Wolff denied ‘drinks company’ comments

Toto Wolff and Christian Horner shake hands in Abu Dhabi

Mercedes boss Toto Wolff has rejected Christian Horner’s suggestion that he views Red Bull as a drinks company, not a Formula 1 team.

Wolff and Horner have been embroiled in a war of words throughout much of the 2021 season, as the on-track battle between their squads spills off-track.

That saw a feisty press conference featuring the two team principals at the Saudi Arabian Grand Prix, though that has been somewhat tempered this weekend.

On Friday, the duo again fronted the world’s press, though were far more cordial – without the snide remarks that peppered the session in Jeddah.

Indeed, the pair twice shook hands as they sat either side of the world championship trophy.

However, individually, Horner has remained at least somewhat antagonistic, suggested Wolff views his team as nothing more than a drinks company.

“I never said that,” asserted Wolff following qualifying.

“I don’t know where that comes from, but it’s not something that I said.

“And I would not say it because I have all the respect for Red Bull as a drinks company and all the respect for the racing team.

“That’s why I reached out to him, because I felt we should be going into the race without any animosity.”

Heading into the event, Horner had suggested that Red Bull had been targeted by what he termed Mercedes’ “media machine”.

“I think the Mercedes Formula One team have become a machine in the last seven or eight years during their period of dominance and obviously have the weight and power of the parent company behind them,” he said.

“I can’t believe it’s particularly comfortable being beaten by an energy drinks manufacturer.”

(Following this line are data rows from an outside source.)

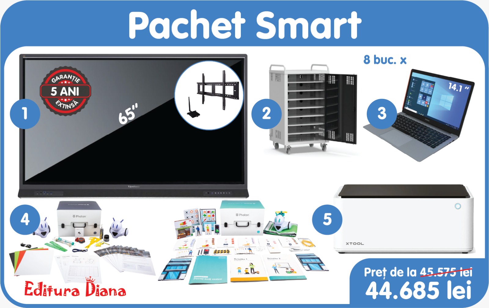 Pachetul Smart – format dintr-un display interactiv ViewSonic, cu platformă de învățare MyViewBord, suport de perete și modul wireless gratuit, o stație de încărcare mobilă pentru 16 dispozitive, 8 x laptop ultraportabil, un set de 2 kit-uri educaționale cu robotul Photon și o mașină inteligentă hibrid, cu laser și cuțit pentru tăiere și gravare.
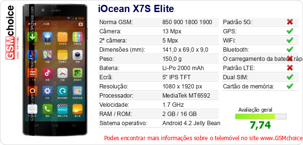 Dados sobre o telemóvel iOcean X7S Elite na sua página
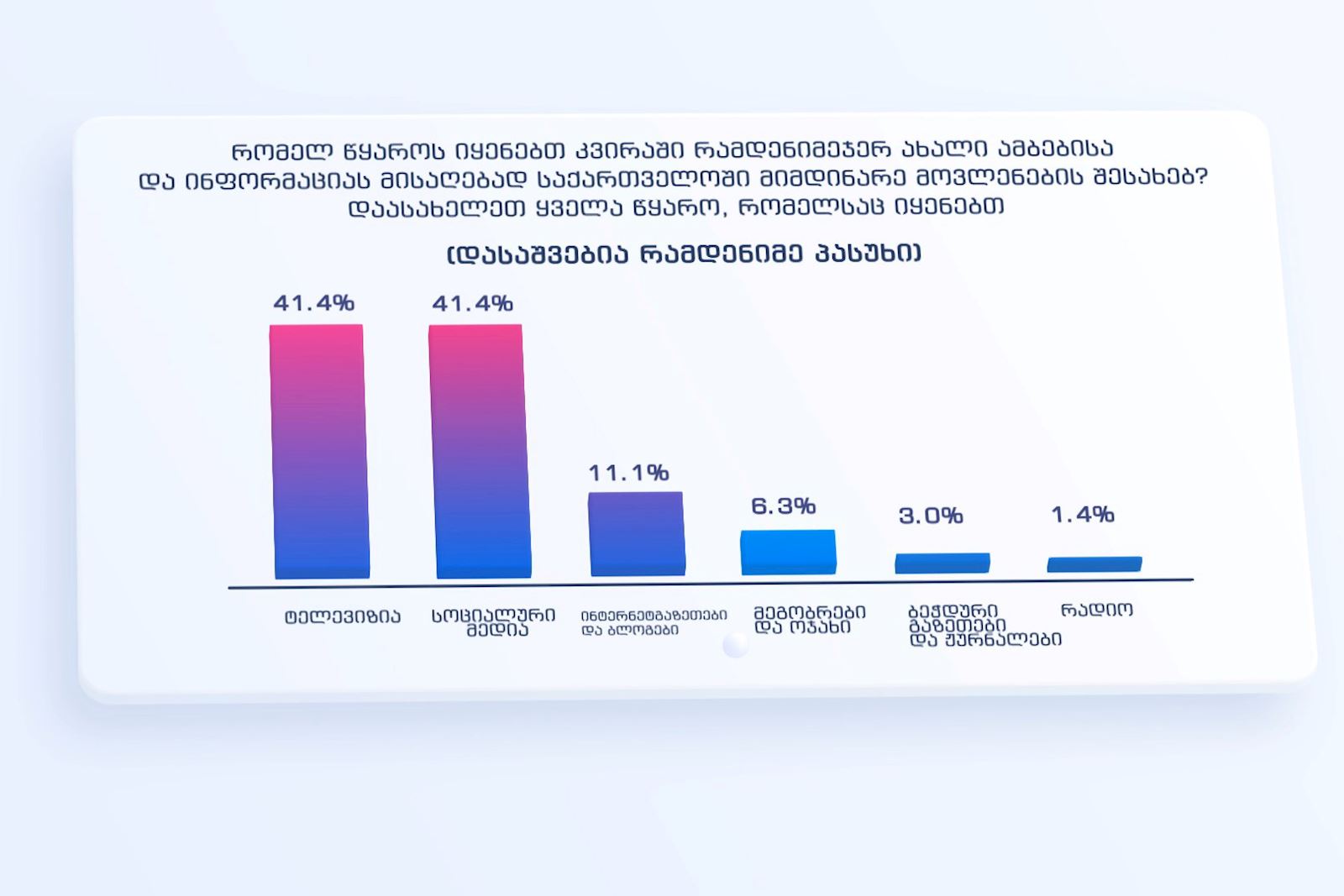 შეკითხვაზე „რომელ წყაროს იყენებთ კვირაში რამდენიმეჯერ ახალი ამბებისა და ინფორმაციის მისაღებად საქართველოში მიმდინარე მოვლენების შესახებ? დაასახელეთ ყველა წყარო, რომელსაც იყენებთ“ შედეგები ასე გადანაწილდა: ტელევიზია - 41,4%, სოციალური მედია - 41,4%, ინტერნეტგაზეთები და ბლოგები - 11,1%, მეგობრები და ოჯახი - 6,3%. ბეჭდური გაზეთები და ჟურნალები - 3%, რადიო - 1,4
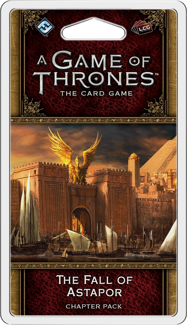 Bloody plots consume the Seven Kingdoms as Daenerys Targaryen liberates Astapor in the manner of Old Valyria — with fire and blood! The Fall of Astapor is the third Chapter Pack in the “Blood and Gold” cycle for A Game of Thrones: The Card Game, continuing the saga of A Song of Ice and Fire into A Storm of Swords. Within this pack, you’ll find more cards focusing on the new bestow keyword, powerful new economy, and the subtly growing influence of House Frey. You’ll even have the chance to add iconic characters and locations to your deck, including Grey Worm, The Twins, and Theon Greyjoy.
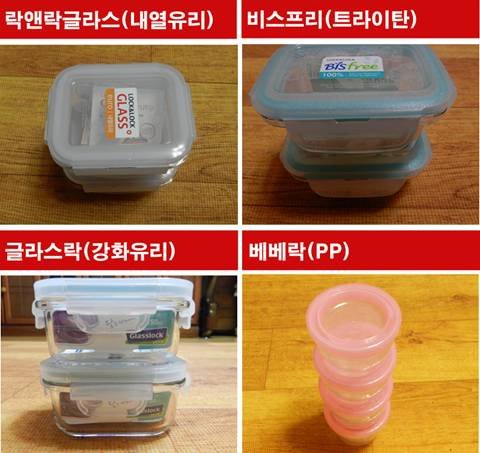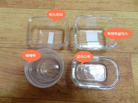 위 사진을 보시면 역시 유리인 락앤락글라스와 글라스락이 투명함을 가지고 있습니다. 그러나 여기서 주목할 제품은 비스프리입니다. 트라이탄이라는 플라스틱 신소재임에도 불구하고 유리처럼 투명함을 지녔다는 것입니다. 실제로 제 주변에서도 ‘가벼운데 유리처럼 투명하다’라는 이유로 비스프리를 사용하시는 분들이 많으시더군요. 투명함에서 가장 취약한 제품은 PP소재인 베베락입니다. 한눈에 봐도 다른 제품에 비해 약간의 불투명함을 띄고 있습니다.

While Wolff rejected that notion, he took further issue with the implication that Mercedes had been waging a media war against its world championship rivals.

“I don’t know why he’s making that up,” Wolff said.

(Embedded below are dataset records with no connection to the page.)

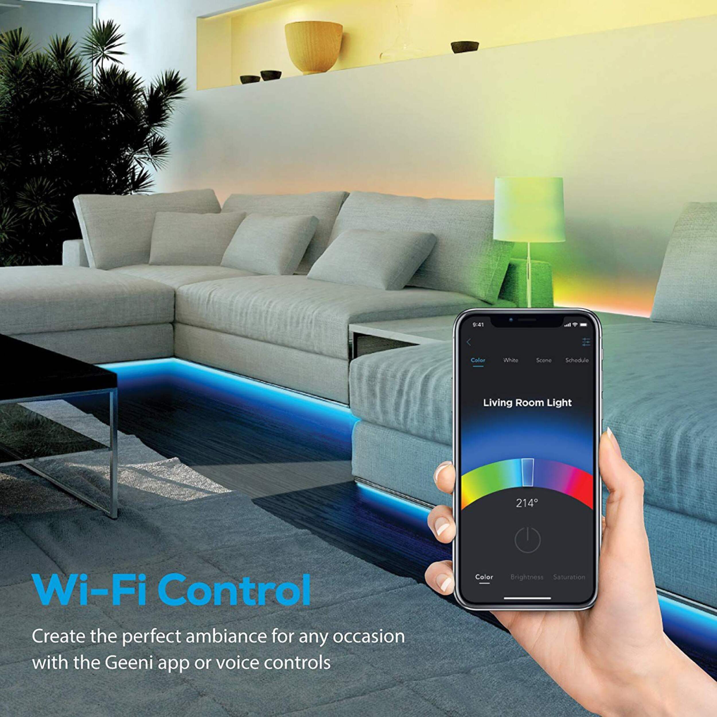 The Geeni Prisma Smart Wi-Fi LED Light Strip helps you elevate the ambiance of any space with colourful, customizable lighting. This versatile light strip can be installed both indoors and outdoors, providing flexible, cuttable, and water-resistant lighting solutions. With full control from the Geeni app, you can adjust colours, brightness, and schedules to create the perfect environment for any occasion, all without needing a hub.
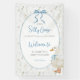 Herzlich willkommen bei Ihren Gästen! Dieses Vintag inspiriert Babyduschenwillingsschild besticht durch eine süße Gans in einem blauen Bogen, umgeben von sanften, zarten Blumen. Mit seinem Storybook-Gefühl und dem antiken Design ist es der perfekte Einstieg für ein Baby-Fest, das sowohl spielerisch als auch elegant ist.
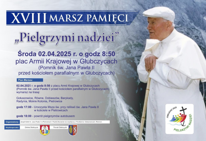 XVIII Marsz Pamięci pod hasłem „Pielgrzymi nadziei” odbędzie się w środę, 2 kwietnia br., w 20. rocznicę śmierci św. Jana Pawła II. Marsz rozpocznie się o godz. 8.50 przy pomniku św. Jana Pawła II, przed kościołem parafialnym w Głubczycach.
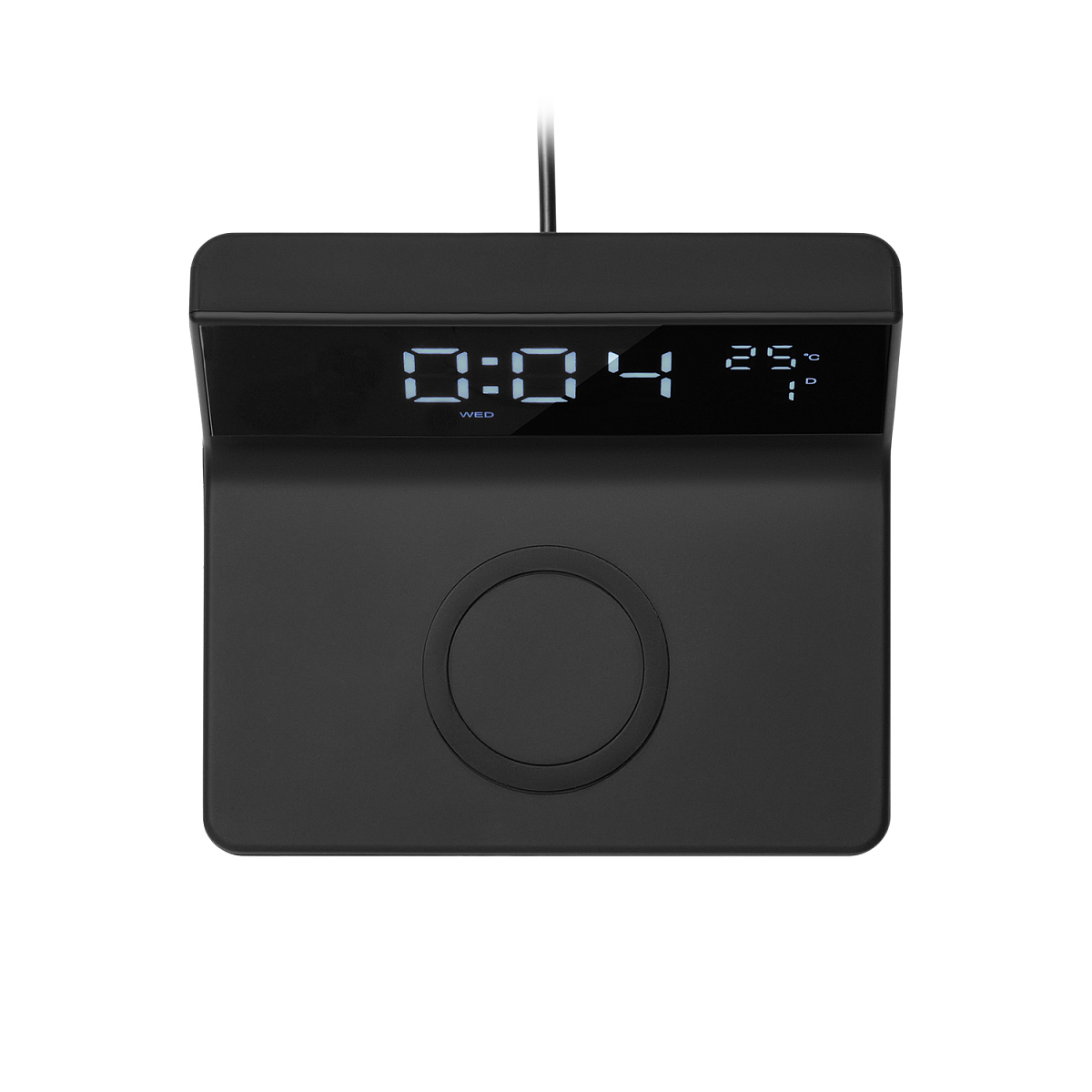Зарядная станция 15W с часами и будильником. Функция будильника (с возможностью настройки двух будильников и повтора), 12- или 24- формат времени. Четыре уровня яркости дисплея (максимальный, средний, минимум, выключен). Индикаторы зарядки, будильника, даты, температуры. Наличие USB-выхода для обеспечения проводной зарядки устройств. Функция энергосбережения - после отключения питания внутренняя батарейка-«таблетка» сохраняет настройки часов, и после повторного подключения к питанию часы не нужно переустанавливать.

He went on to tell a joke about a driver, careering down the highway on the wrong side of the road.

“The radio gives a warning and said ‘attention, attention on Highway 2, there is a Ghost Driver,” he recited.

“The guy who drives in the opposite direction says ‘One? There’s hundreds of them’.”

It was Wolff’s way of suggesting that the perceived barrage against Red Bull was not the result of Mercedes waging war with a media machine, but the sheer weight of critics of Red Bull.

“So I think it’s the media machine, or it’s everybody who commented on the driving it was pretty much the same opinion.”

Mercedes heads into Sunday’s race in a comfortable position at the top of the constructors’ championship, with a 28-point buffer to Red Bull.

It’s level pegging in the drivers’ standings, with Lewis Hamilton and Max Verstappen tied on 369.5 points and set to share the front row.

They’ll do so on different compound tyres, offering a strategic difference from the outset, in what effectively amounts to a winner-take-all race for the world drivers’ title.

Verstappen’s pole lap came as something of a shock, Hamilton having looked to hold the upperhand through the three practice sessions which preceded it.

But while failing to secure top spot, Wolff was magnanimous in the Saturday defeat.

“They were the quicker car today,” he admitted.

“Absolutely take that on the chin for all of us; 1-0 for them, and let’s see what it is tomorrow.”

While Mercedes looks set to claim its eighth constructors’ title, success for Hamilton would see him also claim an eighth crown.

In doing so, it would move him clear of Michael Schumacher’s tally of seven titles, marking him out as statistically the most successful driver in world championship history.

It would also hand the team a clean sweep of the current turbo-hybrid era, which began in 2014, with the Anglo-German marque to date have claimed both drivers’ and constructors’ honours in every year of this regulation set.

Red Bull meanwhile is gunning for its first world championship win since 2013, when Sebastian Vettel claimed the last of his four successive crowns with the Milton Keynes-based squad.

Though tied on points, Verstappen technically heads the points standings heading into the 58-lap encounter by virtue of his nine wins to Hamilton’s eight.

Should the race end with the pair still tied, the Dutchman would be champion.

More likely however is that whichever of the two contenders finishes ahead would win – unless Hamilton were ninth and Verstappen tenth, and in possession of the point for fastest lap (which would result in a tie).

The Abu Dhabi Grand Prix gets underway at midnight AEDT tonight.